In many ways this is a side project for Manzke, a chef better known for high-end, French-influenced cooking. At Patina, at Bastide, and then as chef at Church and State, Manzke has proven himself over and over as one of the city's major talents. His coming restaurant, Republique, in the old Campanile space (also in partnership with Chait), is likely to trade in more of what we might expect from his pedigree.

As for Chait, he was looking to fill the space left empty when Playa, John Sedlar's playful Latin restaurant, closed in March. Petty Cash came together quickly, but it's obvious quite a bit of care was taken to calibrate its style and menu.

The food is a mix of traditional recipes/combinations and Manzke's originality, as well as food inspired by his San Diego childhood. Manzke paints the place as an homage to the Mexican cooks he's worked with over the years, and the food they've brought into his life. Tijuana chef Guillermo Oso Campos was brought in to consult on the menu, and food writer Bill Esparza also has been instrumental, curating the restaurant's mezcal program and lending advice and expertise. For all its trendiness, Petty Cash has a lot of thoughtful underpinnings, and that thoughtfulness raises it above any other fancy taco joint I can think of.

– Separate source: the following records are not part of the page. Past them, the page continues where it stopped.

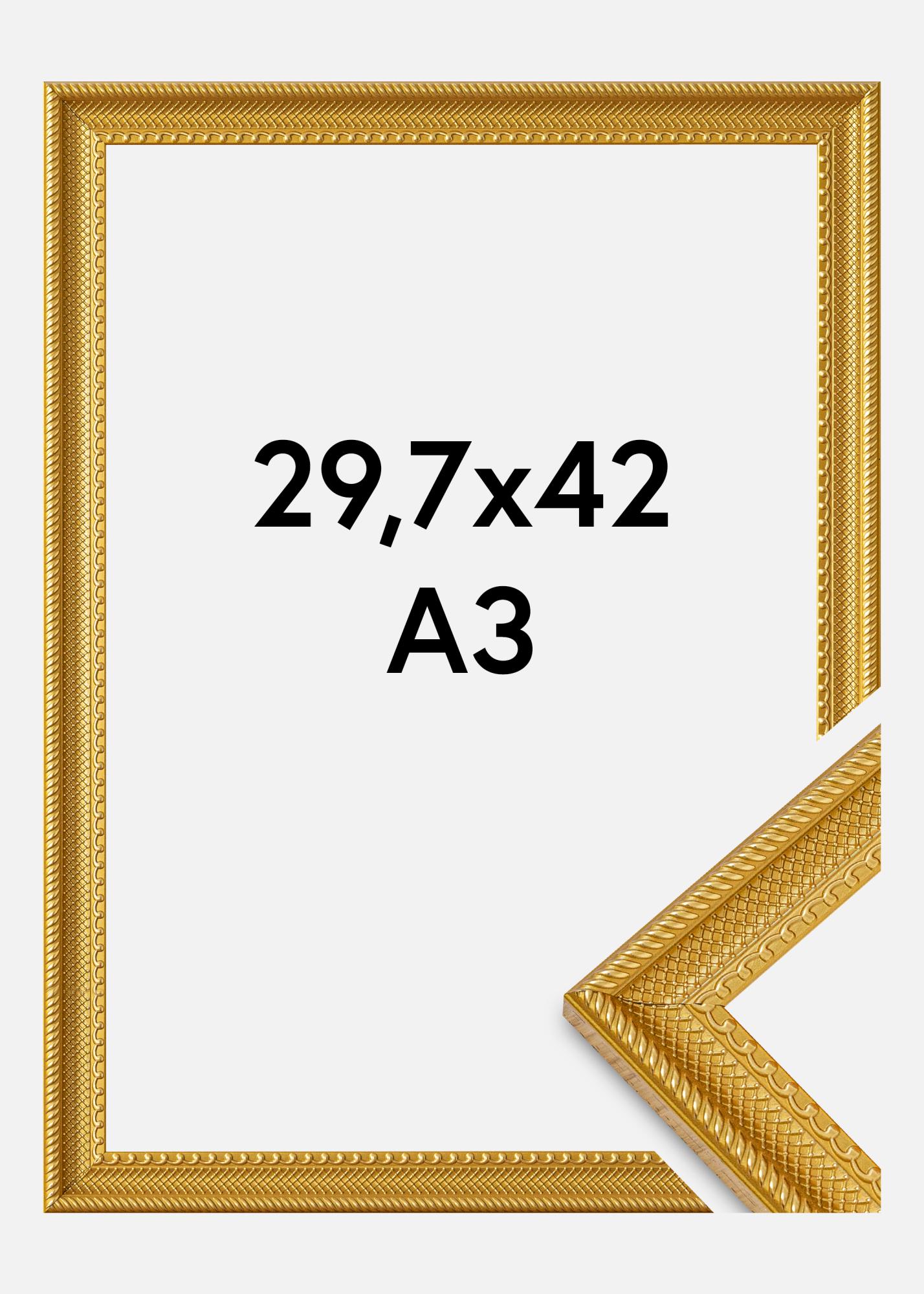 Ce cadre photo élégant en or est une parfaite combinaison de design classique et de fonctionnalité moderne. Avec ses motifs détaillés le long des bords, il offre une sensation luxueuse qui rehausse chaque œuvre d'art ou photographie. Le cadre est fabriqué en matériau composite, ce qui lui confère une structure robuste et durable. Il est conçu pour s'adapter à des sujets de taille 29,7x42 cm (A3), ce qui le rend idéal pour exposer vos souvenirs préférés d'une manière élégante.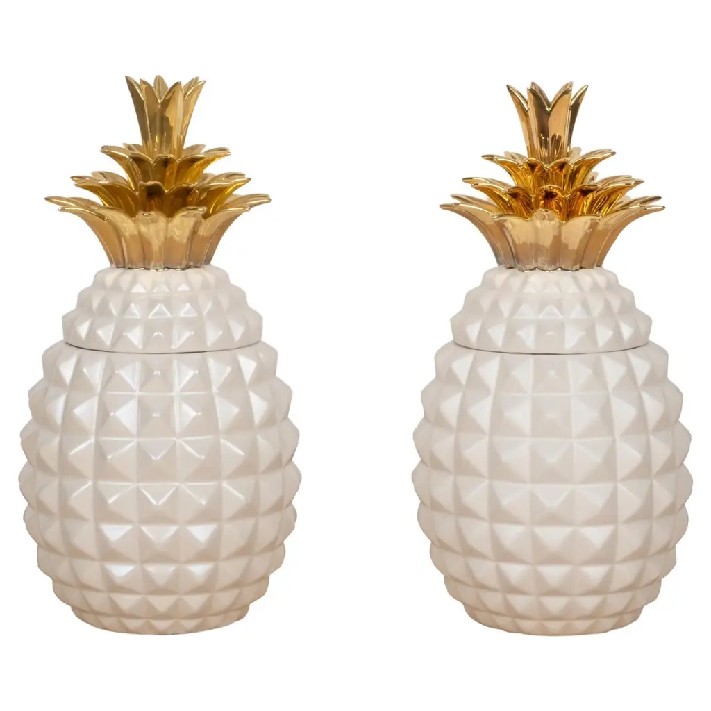 Add a tropical touch to your interior with the sophisticated Hayworth Jar. This elegant pineapple container is made of glass and has a crown and base with a vintage brass finish. Both a dramatic accent and a handy storage pot. Add a tropical touch to your interior with the sophisticated Hayworth Jar. This elegant pineapple container is made of glass and has a crown and base with a vintage brass finish. Both a dramatic accent and a handy storage pot.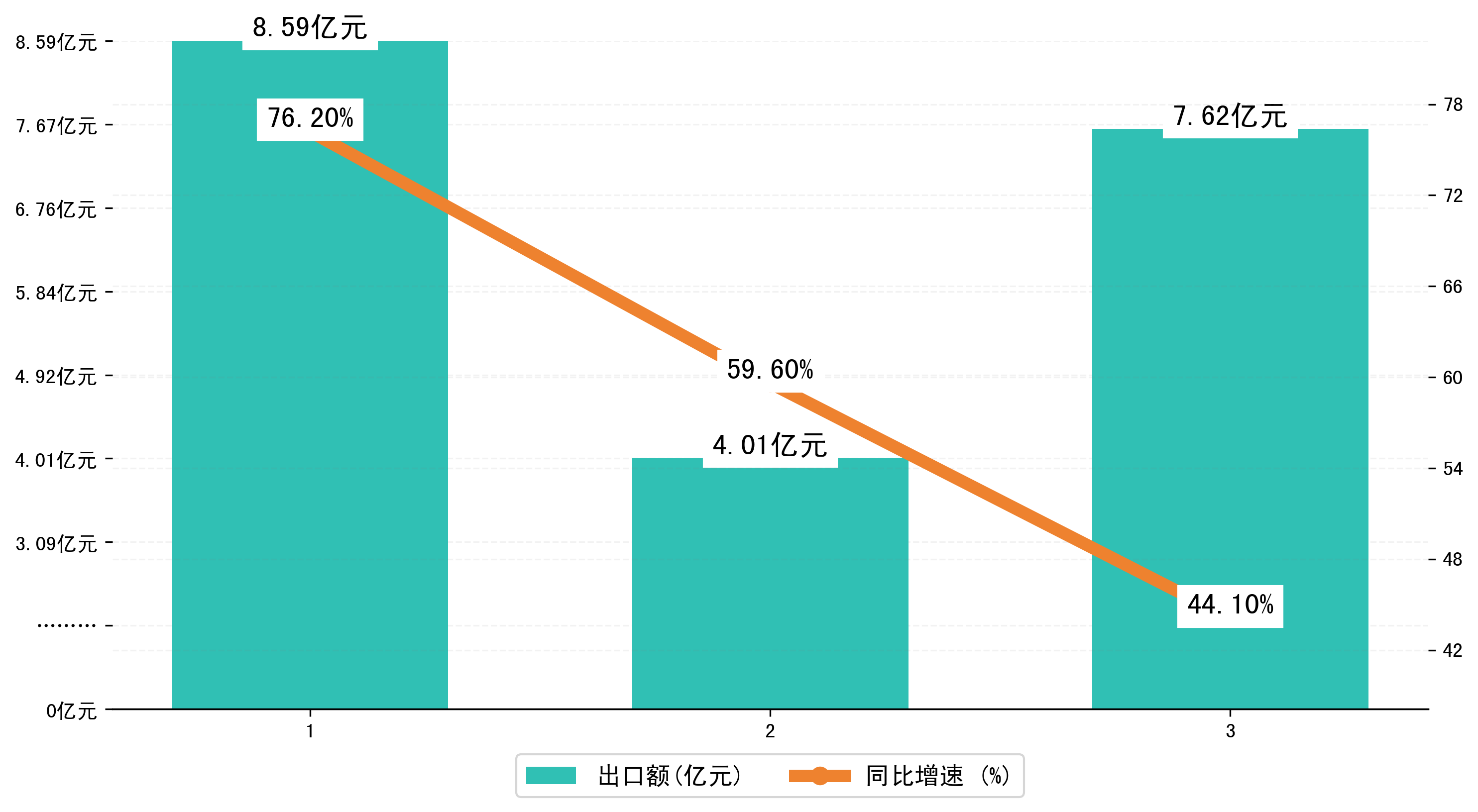 以人民币计,2025年3月常德市出口额为7,6210.6062万元,相比上月增加了3,6128.0506万元;相比上年同期增加了1,4842.5243万元,同比增加了44.10%。

So yes, there's sea urchin in the guacamole, which also comes with a cone of chicharrones, which arrives at the table still crackling. The uni and avocado have an odd textural effect on one another, like rubbing velvet against itself, but the lush, briny aftertaste of the urchin is somewhat miraculous.

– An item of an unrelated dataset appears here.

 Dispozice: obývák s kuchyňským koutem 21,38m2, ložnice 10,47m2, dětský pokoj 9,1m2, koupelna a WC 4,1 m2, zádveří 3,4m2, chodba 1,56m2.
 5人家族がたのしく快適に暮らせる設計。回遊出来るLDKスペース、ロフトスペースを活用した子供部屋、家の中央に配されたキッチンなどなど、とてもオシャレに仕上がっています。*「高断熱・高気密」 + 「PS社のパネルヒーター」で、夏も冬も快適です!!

Tacos cost as much as $6.50. How you feel about that will depend very much on how coddled you want your tacos to be, because these suckers are made with a ton of care. Tortillas are handmade and grilled to order by people who know how — Manzke has hired local Mexican women “who have been taught by their mothers and grandmothers.” The resulting tortillas are small, sweet and lightly musky. Each taco filling has its own, thoughtfully calibrated accompaniments; tacos arrive at the table like diminutive sculptures wrought from pig (or cow, or sea creature), masa and bright toppings. The charcoal-grilled octopus, for example, comes bathed in chile de arbol and topped with peanuts, jack cheese and avocado.

In the quality of ingredients and level of ambition, many of these tacos are sufficiently different from their street counterparts that comparisons are a little pointless. If one is better than the other, it's generally for wildly incongruous reasons.

The Baja fish taco may be the one exception. Made with beer-battered mahimahi, it comes with the traditional pico de gallo and shredded cabbage, and is very, very good. Is it as good as the celebrated versions sold a few miles away from street kitchens, which cost half as much? No, it's not. But looking at it that way may be a waste of time. It certainly feels that way when you're biting into a woodsy, smoky grilled maitake mushroom taco with baby spinach and pepitas, a wonder unto itself, and wholly different from anything in town.

Much has been made of Manzke's pig's ear nachos, which come with a soft egg in the center. The result is texturally interesting: the crisp, chewy strips of pig ears against the viscosity of the egg and the crunch of the chips. It didn't hold my interest past a few bites, but I can see the appeal.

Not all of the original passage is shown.